Sporda duygusallık
Önce belirtelim ki Fas’ın başarısıyla gurur
duyuyoruz. Fas’ın değeri 242 milyon Euro... Rakiplerine göre en düşük değerde
sayılıyor. Fas beş maçta hiç gol yemedi. Bu dünya kupasında bir rekor. Ancak
Fransa’ya yenildi ve final şansını kaybetti. Fas’ın yarı finale gelmesi çok büyük
bir başarı sayılmalıdır. Aynı inancı paylaştığımız Faslı kardeşlerimizle gurur
duyduk.
Ancak spora sadece inanç açısından bakılmamalıdır.
Özellikle futbol artık bir sektördür. Rasyonel olmak gerekiyor.
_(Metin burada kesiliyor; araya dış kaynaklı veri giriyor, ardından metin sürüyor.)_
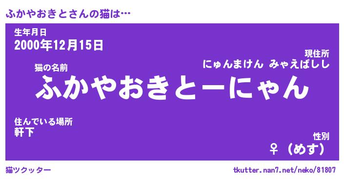 | ポケモン風あだ名 | 『フカチュウ』『フカヤダネ』 |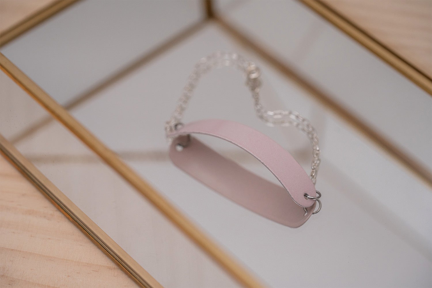 BB1(P) 肌に馴染むように、琺瑯をカーブさせ、焼き切れがアクセントに。細身のチェーンは琺瑯の繊細さを際立たせます。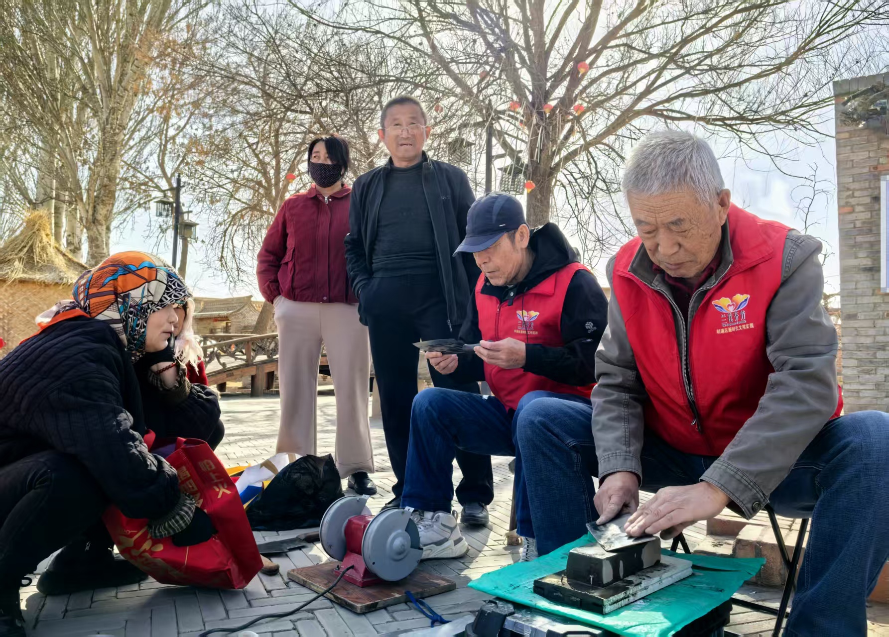 活动现场,74岁的李少成和70岁的包干其一边为群众免费磨刀,一边笑称两人是兄弟。有群众疑惑地问:真是俩兄弟?两人笑答是磨刀兄弟。李少成说,2007年从农机厂退休后,了解到“兰花芬芳”志愿服务组织为民服务的故事后,主动加入,这一干就是十几年。9年前,包干其从供电局退休后,也主动加入“兰花芬芳”志愿服务组织。2018年,两人在志愿服务过程中了解到居民磨刀需求难以满足,于是搭伴专门为群众提供义务磨刀服务,脚步遍布多个乡镇和社区,被市民亲切地称为“磨刀兄弟”。
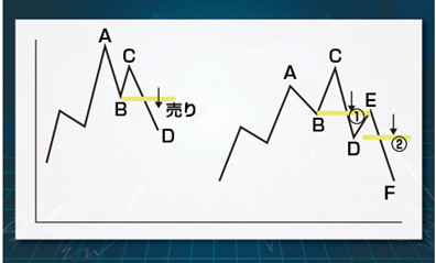 下図 右①:CがAの高値更新をするも、DがBを下抜けたタイミング(未確定)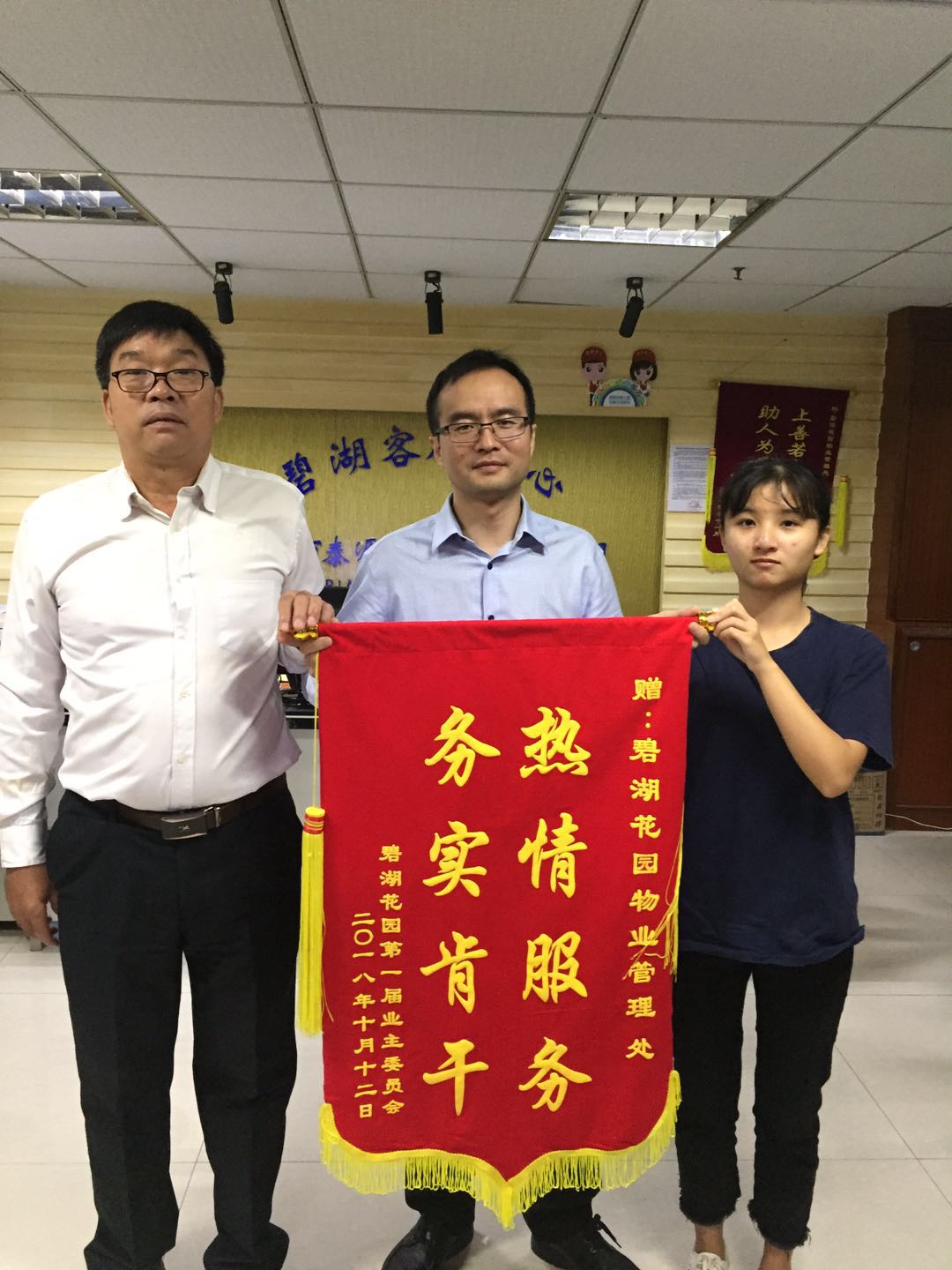 10月18日上午,“熱情服務,務實肯干”的錦旗由業(yè)主委員會主任送到了碧湖花園管理處,這不僅僅代表業(yè)主委員會的評價,也代表了全體業(yè)主對碧湖花園管理處物業(yè)服務工作的肯定、信任和支持。

Bilimden ve akıldan
uzak olursak hayal kırıklığına uğrarız.
İnanç açısından baktığımızda yanılabiliriz.
Mesela Arjantin de Fransa da hıristiyan. Üstelik her ikisi de Katolik.
O zaman demek ki biz ezilmişlik duygusu içerisinde
hareket ediyoruz. O zaman bütün mesele bilime ve akla değer vererek her alanda
ilerlemektir. Futbol da bundan nasibini alabilir.
Müslüman olmayan futbolcular daha çok dünya
sahnesinde. Mesela Japonlar veya Çinliler dünya sahnesinde değil. Budistler ya
da Hindular hiç yok ama hristiyanların bu kadar at oynatması bir anlam ifade
etmiyor mu?
Geçmişimiz, medeniyetimiz başarılarla dolu.
Dolayısıyla kökümüz çok kuvvetli olduğuna göre
bunu spora da yansıtmalıyız, yansıtabiliriz de...
Unutmayalım Türk Milli Takımı, Güney
Kore’de dünya üçüncüsü olmuştu. Demekki başarabiliriz.
Not-1: Hakem atamalarında adil olmalıyız.
Hakemlerimiz hedef gösterilmemelidir
2-Jesus, Fenerbahçe ve ülkemiz için bir şanstır.
Türk futbol sistemini kurmak için bu hocamızdan yararlanmalıyız.
3-Messi’yi örnek almak lazım. Bu alçakgönüllü
teknik futbolcuyu incelemek gerekir.
4-Katar bu turnuvayı düzenledi başarılı
oldu. Dostumuz olan bu ülkeyi kutluyoruz. Bize neden böyle bir Dünya veya
Avrupa kupası verilmez. Düzenlemeyi çok rahat yapabiliriz.
5-Farkında mısınız bilmiyorum. Terör örgütü
askerlerimizi şehit ediyor. Kuru bir başsağlığı ile geçiştirmemek lazım.
6-Saygıdeğer milletvekilimiz Cemal Öztürk’ün
annesi vefat etti. Allah rahmet eylesin, makamı cennet olsun.
Sonuç: “Bilim ve akılla Türk sporu futbolu Şah’a
kalkar.”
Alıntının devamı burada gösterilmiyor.